Soon after forcing her landlord to limit her rent increase to the legal level, Rinzler-Day got to work organizing her whole building.
With the support of BED members, she canvassed each floor, inviting her neighbors to a building-wide meeting in her apartment. To Rinzler-Day’s surprise, nearly half the building showed up to the first meeting.
“That first meeting was magical,” said Rinzler-Day. “We just all went around and aired collective grievances, like rent overcharges, black mold in air conditioners, the front door not locking—and because of that, the rampant package theft.”
“We all found these common grounding points and were like, ‘Yeah, it’s going down. We’re gonna unionize.’”
Within a few weeks, more than half the building was attending meetings, with 42 of 45 tenants joining the association; an active building-wide WhatsApp group chat had been created; tenants had taken on ‘floor captain’ roles, each responsible for organizing tasks on their respective level; tenants created a spreadsheet to track rent overcharges; and a demand list had been established.
It wasn’t long before the idea of a rent strike was floated by some of the tenants. With the help of BED organizers, tenants inoculated each other about the landlord’s harassment and lies that were likely to come if they went through with it.
In March, tenants were ready. They sent a collective letter to their landlord, Raj Associates, threatening a rent strike if their demands weren’t met by the end of the month. They weren’t, so the strike began on April 1, with 80% of units participating.
Six months and several collective bargaining sessions later, Raj Associates conceded to all the tenants’ demands. Overcharged tenants won new leases and roughly $60,000 total in back rent, according to Rinzler-Day, and the landlord committed to the demanded repairs.
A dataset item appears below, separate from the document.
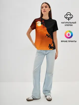 Женская базовая футболка / СКАЛОЛАЗЫ В ЗАКАТЕ

Rinzler-Day joked to me that she can never leave her apartment now—and she doesn’t want to, of course.
She and her fellow tenants gained something that goes beyond the demands they won. “I pick up packages from the hallway for people all the time, people dog sit for each other—things like that,” said Rinzler-Day. “We have a community.”
Rinzler-Day says the building intends to keep the tenant association active, and several tenants have since expressed interest in getting more involved in union-wide organizing.
“That’s what’s so important about tenant associations and broader tenant unions,” said Vargas. “We are the archive of information that keeps people safe. We are the continuity between tenants.”
“My hope is that we can keep up the momentum,” said Rinzler-Day. “We built this infrastructure of social responsibility and accountability across neighbors.
“We built something that will outlast us.”